Ohio wineries shrugged off any home-field advantage that New York State wines might have had in the Rochester, New York-based Great American International Wine Competition by capturing four coveted Platinum Medals, the top designation for a wine in this judging.
Ferrante Winery and Ristorante alone scored three platinum medals in the competition for its 2019 Gewürztraminer, 2017 Vidal Blanc Ice Wine and 2017 Golden Bunches Dry Riesling. Laurello Vineyards earned a platinum medal for its 2019 Sweet Genevieve Vidal Ice Wine.
The 2020 Great American International Wine Competition attracted 680 entries. Only 41 wines, or 6 percent of the total entries, were awarded the top designation of a platinum medal.
With the boost from Ferrante, Ohio wineries won as many platinum medals as New York State wineries did.
“We’re just trying to make good wine,” Ferrante owner and winemaker Nick Ferrante told TheWineBuzz. “We use good blending techniques and very good grapes that we grow. Some luck helps, too.”

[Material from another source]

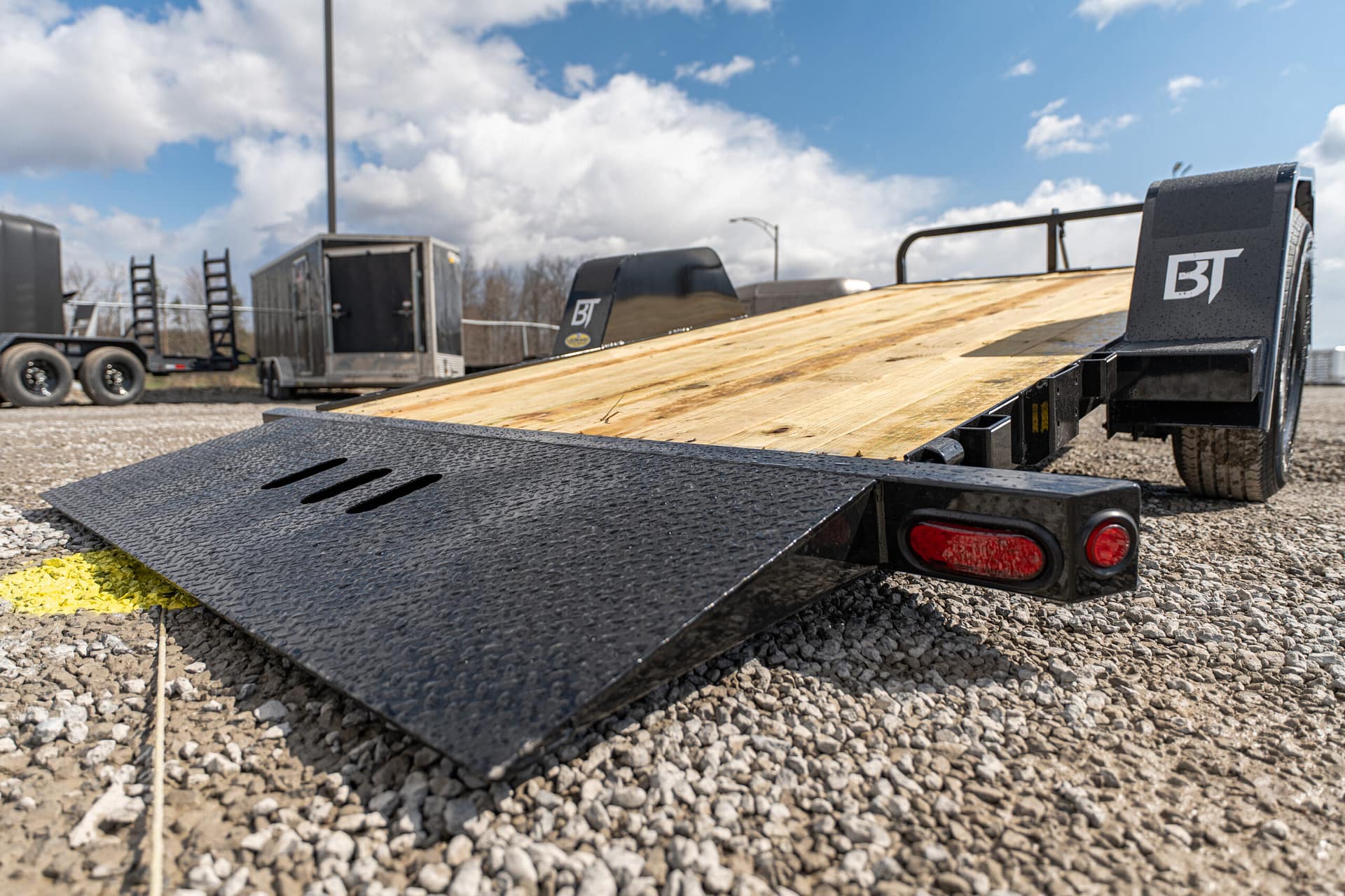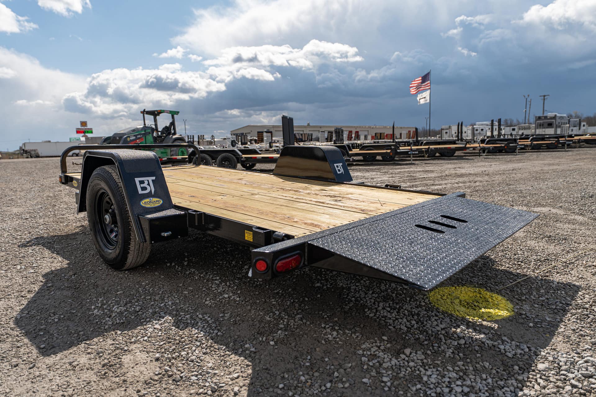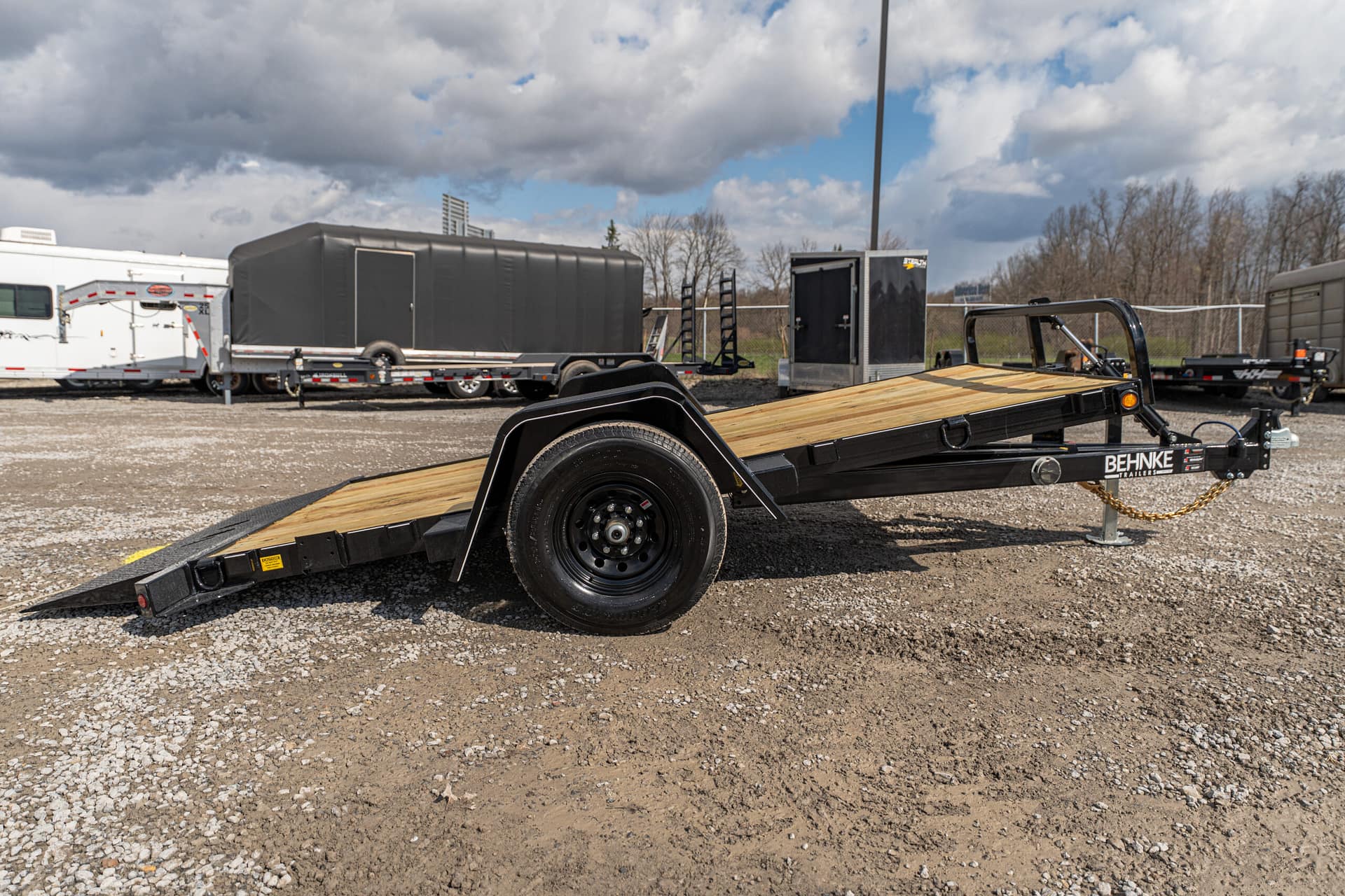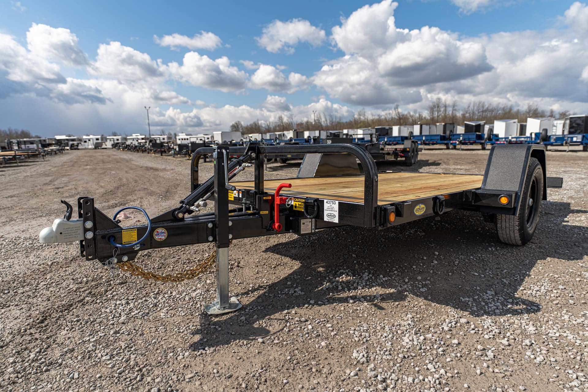 The full tilt features a single 5-7K axle with a 10-12′ tilt deck. Frame widths of 60-80″ can be achieved between the fenders. These trailers are pull-type configurations with a cylinder, that pivots off of the tongue.

Laurello’s platinum-winning ice wine is named after winery co-owner Kim Laurello’s mother, “so for the wine to be recognized in that way is extremely special to me,” Kim told TheWineBuzz.
Grapes for the 2019 Sweet Genevieve Vidal Ice Wine were picked on Dec. 18, 2019, during a narrow window of opportunity in an otherwise unseasonably warm month, Laurello Vineyards Winemaker Brad Indoe said. And it was a last-minute decision to enter such a young wine into the Great American competition, Laurello and Indoe said.
“For the last 18 years, Ohio has really stood up and put our state on the map with excellent vinifera varietal wines and with ice wines,” Laurello said. “People are now looking to Ohio for wonderful ice wines.”
Donniella Winchell, executive director of the Ohio Wine Producers Association, said Ohio is making world-class wines, many of which are sold primarily in winery tasting rooms.
“It has been a challenge to share with the ‘connoisseur class’ of consumers this new generation of great wines unless they visit our wineries and taste for themselves,” Winchell said. “However, as we win more top medals in major competitions such as this one, we have begun to pique their interest.
“To continue the momentum, it important that more of our best wines are submitted to major competitions, that we get more quality vines in the ground, and that we all shout our mutual successes to the world.”